Porat convinced Apple's CEO John Sculley to allow him to spin this off into an independent company, with the “rock stars” of Silicon Valley, backed by hundreds of millions in venture capital. The team devoted their hearts, souls, and considerable intelligence to the project for the next several years. They called it a “joyride,” and their camaraderie and energy is palpable throughout the film. The vision was powerful enough to galvanise their talent: “We're gonna create what comes after the personal computer.”

It was a catastrophic failure. You can read the wikipedia article for how it all panned out, but gist is that they ignored competition and the arrival of the internet, and most of the hardware technologies either didn't exist at all or were nowhere near portable enough yet. And yet despite the failure, virtually everything they envisioned is now a reality. While some of the most brilliant people on the team never fully recovered from the experience, some unlikely subordinates (including Tony Faddell and Andy Rubin) went on to create things like the iPhone and Android. I say “unlikely” because they were extremely junior, and not the most obviously exceptional people on the team at the time. But they were the ones who persisted through to the delivery of the reality decades later.

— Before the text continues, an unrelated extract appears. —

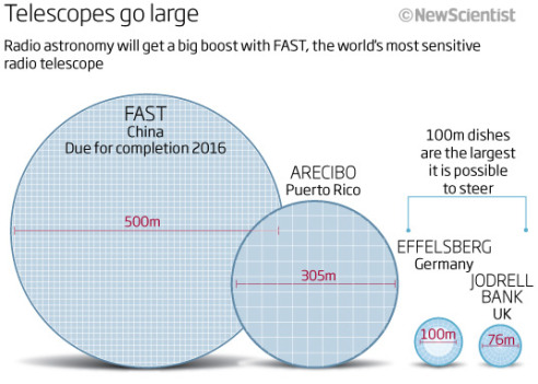 Για να καταλάβουμε το μέγεθος του τηλεσκοπίου, το F.A.S.T. θα είναι πέντε φορές μεγαλύτερο από το μεγαλύτερο ραδιοτηλεσκόπιο στη Δυτική Ευρώπη, στο Έφελσμπεργκ της Γερμανίας, που ήταν και το μεγαλύτερο πλήρως στρεφόμενο ραδιοτηλεσκόπιο σε όλο τον κόσμο επί 30 χρόνια, μέχρι τη λειτουργία του τηλεσκοπίου του Γκριν Μπανκ των ΗΠΑ το 2000.
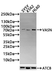 Positive WB detected in: SY5Y whole cell lysate(30μg), K562 whole cell lysate(30μg), HL60 whole cell lysate(30μg)

It is a film explicitly about failure, which is a rarity, and its treatment of the subject is inspirational enough that I would recommend the film to anyone, regardless of their interest in technology. The fact that Kerruish got many of the key figures to revisit these memories today, and to reflect publicly on the intense pain of the failure, is what makes it so profound. Afterwards, director Sarah Kerruish and one of the key figures in the story, Megan Smith (former CTO of the USA) gave a Q&A, in which they discussed human failure modes and the power of vulnerability.

But I'm meant to be writing, at least tangentially, about booze. We had not been to the events preceding the film, so we paid £10 for the tickets, which went to a charity. This was a reasonably good deal considering the screening included not just the film and an intimate Q&A, but a reception with free drinks. There were also a sufficient quantity of canapés that the waiters were ultimately reduced to begging us to take them off their tired trays as they endlessly circumambulated. An open bar is a fairly difficult place to be during a dry month, a dry spell. But I persevered and was rewarded with some exciting introductions, scintillating conversations, and even an enjoyable dinner with some excellent people we met, undiluted by drink.

If the above, by the way, is not enough to persuade you that this was a beautiful and moving film, I might also mention that at the very start of the reception, a British businessman in his fifties literally wept in front of my friend and I, complete strangers, as he reflected on how the film related to his own experiences.

I realise that I said today I'd write about MK Ultra, but upon reading my notes I decided I have too much to say to say it today, so I'll write a longer piece elsewhere, and link to it when it's done.